In regards to Claim 17, Donderici in view of Shelhamer teaches the system of Claim 13, and Donderici in view of Shelhamer further teaches wherein the at least one processor (Donderici, Para. 0047 – “one or more processors”) further causes the system to:
in response to a respective time for generating a respective prediction by the given sequential ML model being equal to or lower than a respective predetermined time period threshold assigned to the given ML model for generating the respective prediction: feeding the respective prediction along with the sensed data to a next sequential ML model of the plurality of ML models, following the given sequential ML model, thereby causing the next sequential ML model to generate another respective prediction of (i) the object class of the at least one object in the surroundings of the SDC and (ii) the location of the at least one object (Shelhamer, Fig. 3 and Para. 0029, 0032, 0045, 0051-0052, 0073, 0088, 0119 – employing a “time threshold” for “predictions of objects portrayed in the digital images” based on “computation budget” wherein if given “enough time” without “interruption” requiring earlier prediction, such that the “time threshold” does not expire, the model proceeds and outputs a second or final “classification prediction” generated by a second set 316/final set of layers 328, or second/final sub-models, as shown on Fig. 3, where features are extracted “in a spatially aware sense” and correspond to “particular spatial locations”; where the process of Shelhamer may proceed to an Nth set of layers, or sub-model, as long as “the computation budget allows for it”); and
plan the motion of the SDC based on the respective prediction (Donderici, Para. 0051 and 0068 – wherein a “planning stack” of the AV determines “sets of one or more mechanical operations that the AV 102 can perform” based on outputs such as “a classification and/or localization of one or more objects in an input image” from the neural network) generated by the next sequential ML model (Shelhamer, Fig. 3 and Para. 0056, 0073, 0088 – generating “the Nth pixel-wise classification prediction” from the “Nth set of features 330” outputted by the Nth set of layers, or Nth sub-model, for use in “time-critical scenarios” such as “autonomous driving”); and
in response to the respective time for generating the respective prediction by the given sequential ML model being higher than the respective predetermined time period threshold assigned to the given ML model for generating the respective prediction: plan the motion of the SDC (Donderici, Para. 0051 and 0068 – wherein a “planning stack” of the AV determines “sets of one or more mechanical operations that the AV 102 can perform” based on outputs such as “a classification and/or localization of one or more objects in an input image” from the neural network) based on the respective prediction generated by an ML model, immediately preceding the given sequential ML model (Shelhamer, Para. 0052-0056 – “based on timing of a request for a prediction”, e.g. “expiration of a time threshold”, the “the multi-exit pixel-level prediction neural network 108 generates and provides the first pixel-wise classification prediction 204, the second pixel-wise classification prediction 206, or some other pixel-wise classification prediction”, where if the request for a prediction occurs “before completion of the entire analysis”, an earlier “pixel-wise classification prediction” generated by an earlier exit head, corresponding to an earlier set of layers, or sub-model, is outputted, for use in “time-critical scenarios” such as “autonomous driving”).

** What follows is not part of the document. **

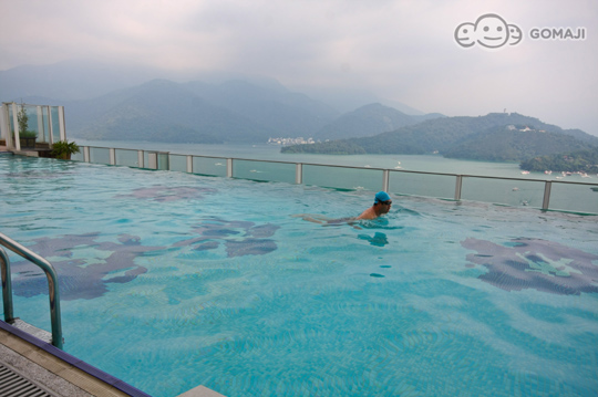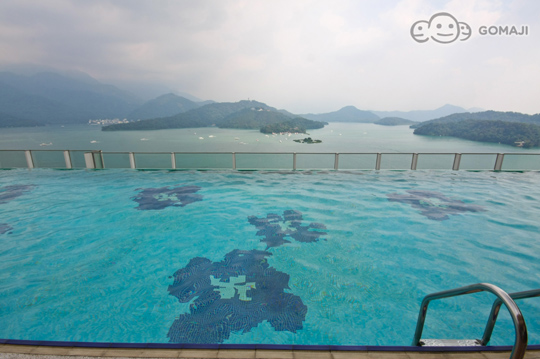 透過玻璃造型設計,創造真正無邊際的視覺效果,彷彿徜徉於日月雙潭、水天一色的雲端美景之中,並設國內首創水中吧臺,在運動之餘享受日月行館提供貼心的餐飲服務。

It would have been obvious to one of ordinary skill in the art before the effective filing date of the claimed invention to have modified the system including the above limitations of Donderici in view of Shelhamer to further include wherein the at least one processor further causes the system to: in response to a respective time for generating a respective prediction by the given sequential ML model being equal to or lower than a respective predetermined time period threshold assigned to the given ML model for generating the respective prediction: feed the respective prediction along with the sensed data to a next sequential ML model of the plurality of ML models, following the given sequential ML model, thereby causing the next sequential ML model to generate another respective prediction of (i) the object class of the at least one object in the surroundings of the SDC and (ii) the location of the at least one object; and plan the motion of the SDC based on the respective prediction generated by the next sequential ML model; and in response to the respective time for generating the respective prediction by the given sequential ML model being higher than the respective predetermined time period threshold assigned to the given ML model for generating the respective prediction: plan the motion of the SDC based on the respective prediction generated by an ML model, immediately preceding the given sequential ML model, as taught by Shelhamer, in order to continue computations within the time period threshold and provide the most accurate output object classification and localization allowable by the computation resources.
In regards to Claim 18, Donderici in view of Shelhamer teaches the system of Claim 11, and Donderici further teaches wherein a given value of the object detection precision metric is indicative of a number of features of a given object determined by a respective ML model (Donderici, Para. 0048, 0080-0089 – identifying a number of pixels associated with “specific features” of a “perceived object”, which can be visualized by “a bounding area”, by the neural network).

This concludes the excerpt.